Im Vorfeld wird ein riesiger Organisationsapparat aufgebaut und glücklicherweise findet sich jedes Jahr ein Team, dass jede Minute in die Planung steckt und für ein paar Wochen nur für das Filmfest lebt. Das nenne ich z.B. echte (Filmfest-)Leidenschaft. Ich wurde oft ungläubig angeschaut und für verrückt erklärt … wenn es dunkel wurde und die Vorräte an Marlboro Lights, Cola light und Snickers wieder aufgefüllt werden mussten, um die Zeit bis zum Morgengrauen zu überstehen … wenn ich mein gesamtes soziales Umfeld missachtet habe… wenn ich für nichts und niemanden Zeit hatte … da heißt es dann schnell mal: Und wofür machst du das?

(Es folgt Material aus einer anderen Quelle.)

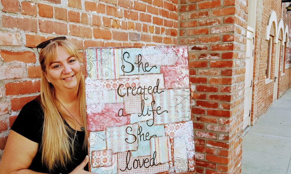 During my 40s, I realized my kids were getting older and didn’t really need me at home any longer. It was time to decide what I wanted to be when I grew up. At the time, I had a little greeting card business, but it wasn’t what I really wanted to be doing. I decided to take the idea of “create the life you want to live” to heart and I literally made up my own job. The two things that were on my heart were to make art and to share the process with others, especially those who didn’t feel confident in their creativity. I started teaching mixed media to a few local students and hosting a few events in my home. Then, at the advice of a friend, I added home parties. Three years ago, I started my summer art camp program, which is still my favorite event of the year, and it was from that event two years ago that one of the parents asked me to be a vendor for their charter school. This year I’ve started teaching for three charter schools and also at three of our local Hobby Lobby stores. It’s exciting to watch my little business grow.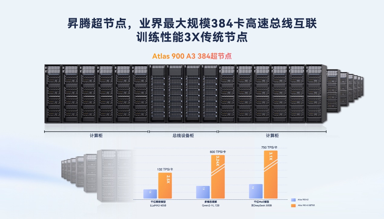 昇騰超節(jié)點架構以突破性創(chuàng)新打破集群互聯(lián)瓶頸,通過技術革新實現(xiàn)節(jié)點間高效協(xié)同,讓集群運行如同一臺強大計算機,大幅提升整體計算效率。其構建業(yè)界最大規(guī)模384卡高速總線互聯(lián)體系,相比傳統(tǒng)節(jié)點,訓練性能實現(xiàn)3倍飛躍,以強勁算力支撐大規(guī)模AI任務快速推進。同時,超節(jié)點架構深度適配MoE,充分釋放MoE模型潛力,為模型訓練與推理提供高效支持,使昇騰成為MoE模型開發(fā)與應用的最優(yōu)選擇,在AI計算領域樹立新標桿。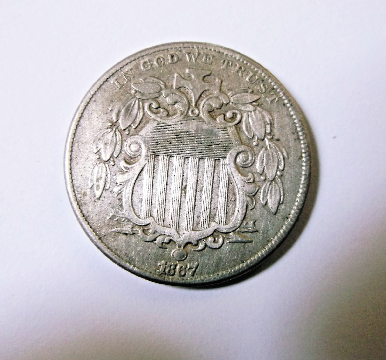 1867 Shield Nickel Coin - Very Fine Condition, Free Shipping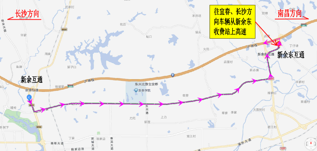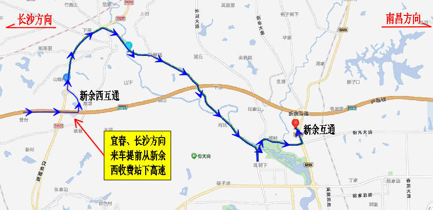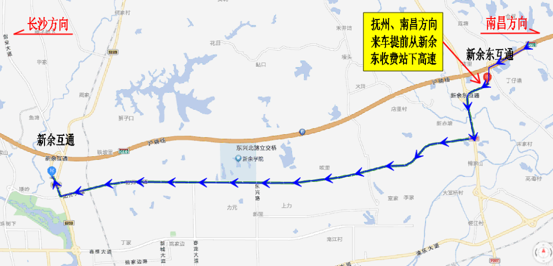 方案二:G60沪昆高速长沙方向车辆在新余西收费站提前下高速→环城路→291县道→劳动北路→钟灵大道→阳光大道→新欣北大道→新余收费站。

Die Antwort: Stolz, dass man es wieder mal geschafft hat! Freude, dass alles geklappt hat! Anerkennung für das, was das Team wieder einmal auf die Beine gestellt hat! Respekt vor der Leistung einzelner! Dieses erlösende Gefühl, wenn man tagelang die Daumen gedrückt hat und auf einmal nachts um 1 Uhr die Zusage für einen Film oder Gast bekommt! Die zufriedenen Gesichter der Gäste, die in fünf Tagen zu einer großen Filmfestfamilie zusammengewachsen sind! Die Liste lässt sich unendlich fortsetzen … bis hin zur Vorfreude auf das nächste Jahr, sobald der letzte Gast ins Flugzeug gestiegen ist.